Из барака путаной походкой вышел Арагон. Он будто бы заново открывал землю после двухсотлетнего отсутствия. Озирался. Мёрз. Дёргался то в одну, то в другую сторону. Зачем-то выворачивал карманы, что-то наговаривал себе под нос и опять порывался пойти то туда, то сюда, но так и не решался.

— Рагоша, Христом Богом тебя прошу,— повалился ему в ноги Никонов,— не без вести я. Не без вести. Это ж как такое: не узнанный, не отпетый? Я же маяться буду всю жизнь небесную. Всю свою небесную жизнь под землёй в Суходольном.

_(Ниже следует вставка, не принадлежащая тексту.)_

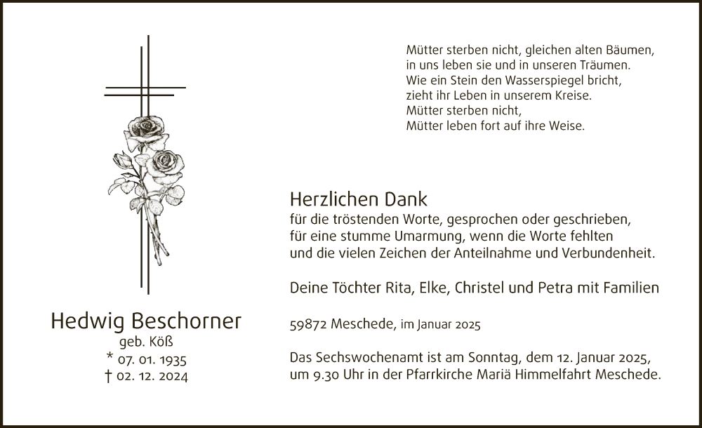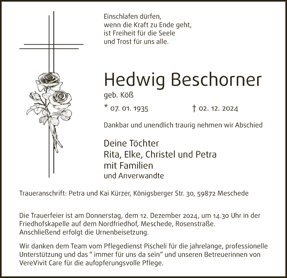 Hier finden Sie alle Traueranzeigen aus der Zeitung, die bisher für Hedwig Beschorner erschienen sind. Weitere Traueranzeigen, die in der Zeitung erscheinen, werden hier ebenfalls aufgelistet

Арагон уже тоже стоял на коленях перед Никоновым и признавался на своём заморском говоре:

— Да чёрт её знает! Задевала куда-то, а теперь сама не своя. Помаду посеяла. Тут коммунизм, а она помаду разыскивает. Я её и без помады люблю! И тебя — тоже!

Арагон крепко уцепил Никонова за плечи и потянул к себе. Никонов плашмя, безвольно повалился на Арагона, как выкорчеванное деревце. Он уткнулся в белую рубашку француза и, не жалея слёз, обиженно всхлипывая, как в детстве, повторял с голосовыми перехватами:

— Не без вести я, Рагоша, не без вести...

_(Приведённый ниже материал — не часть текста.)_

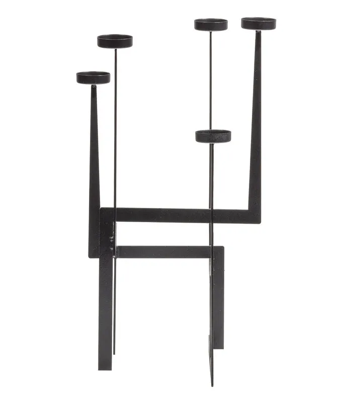 De kandelaar biedt ruimte voor vijf waxinelichtjes van ø 5 cm, diepte 1,5 cm. Het metalen frame Heeft onderaan een breedte van 2,5 cm maar loopt taps toe naar de waxinelichthouders tot een breedte van 1 cm. De kandelaar vindt zijn balans op twee smalle poten (H20/24 x B2,5 x D0,5 cm) en één lange kant van 22 cm breed.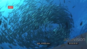 School of Giant Kingfish with Black Triggerfishes swimming in a circle underwater in ocean LA WS HAND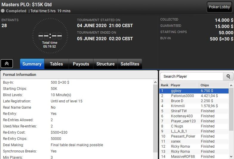 Weitere Tagessiege gingen beim PLO an „iminhydda“ und „GGBoy“, die sich jeweils über vierstellige Summen freuen konnten.

— У меня водка вон есть,— подошёл к ним Евневич.

Сел на землю. Откупорил бутылку. Хватил прямо из горла, пополоскал немного и проглотил.

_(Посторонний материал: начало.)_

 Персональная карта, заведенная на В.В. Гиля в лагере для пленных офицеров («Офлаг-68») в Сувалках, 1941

— Слышь,— Евневич отвесил Никонову шутливую оплеуху,— не боись! Я запомнил. Ты не без вести. Ты с двумя другими у Суходольного. И найти тебя можно по медальону. Только вот, Никаноша, это ты о чём? Кто такая «она»? У тебя ж вроде нет никого. Какая такая «она» должна носом землю рыть в твоёй Суходольной? И почему ты будешь убит? Война, что ли, Никаноша? А я — погибну?

— Не скажу.

Никонов выплакал свой слёзный мешок в рубашку Арагона и сидел теперь на поджатых коленях — прямой и даже наполовину красивый.

— Не знаю,— сказал вслед Никонов и сделал большой глоток из бутылки Евневича.


Обычно и сейчас

 

Евневич обнаружил себя на правом боку (обычно обнаруживал на левом). На полу (обычно — на топчане). Ноги затекли (обычно сводило шею). Но самое невероятное: Евневич не помнил, как уснул, не знал, который час, не видел в досягаемости глаз ни Журавелихи, ни трубы. Не бывало ещё в жизни Евневича такого утра, пусть и похмельного, чтоб он не помнил дороги от стола к постели и самых последних мыслей перед засыпанием. А сейчас — не помнил. Не бывало ещё в жизни Евневича такого утра, чтобы по одним трещинам на барачном потолке, колыханию занавесок или Жулькиному лаю он не мог определить время на уральском меридиане с точностью, надо сказать, до пяти (от силы — семи) минут. А сейчас — не мог. Не бывало ещё в жизни Евневича такого утра, чтобы в досягаемость глаз не попадала его труба. А сейчас — не попадала. К трубе надо бы приплюсовать и Журавелиху. Но всё же — не надо. Бывали в жизни Евневича такие утра, когда он просыпался и без неё. Дело тут не в бесконечных детских годах, в которые Евневичу приходилось делить общую, набитую соломой, подстилку с пятью братьями и сёстрами, и не в годах скитаний, когда он и спать-то, кажется, перестал, а в совсем недалёком прошлом, поскольку Евневич и Журавелиха объединили свой нехитрый быт только два месяца назад. Евневич точно знал свой возраст: двадцать девять лет. А насчёт Журавелихиного — догадывался по её гладкому лицу, тяжёлым плечам и маленьким редким седым волоскам в бровях. Тридцать с хвостиком, думал Евневич. Не случалось такого за все два месяца совместного топчана, чтобы, проснувшись, он не видел первым делом затылок Журавелихи, а вторым, приподнявшись на локте,— своё латунное (или из чего она?) сокровище. А сейчас — не видел ни ту, ни другую.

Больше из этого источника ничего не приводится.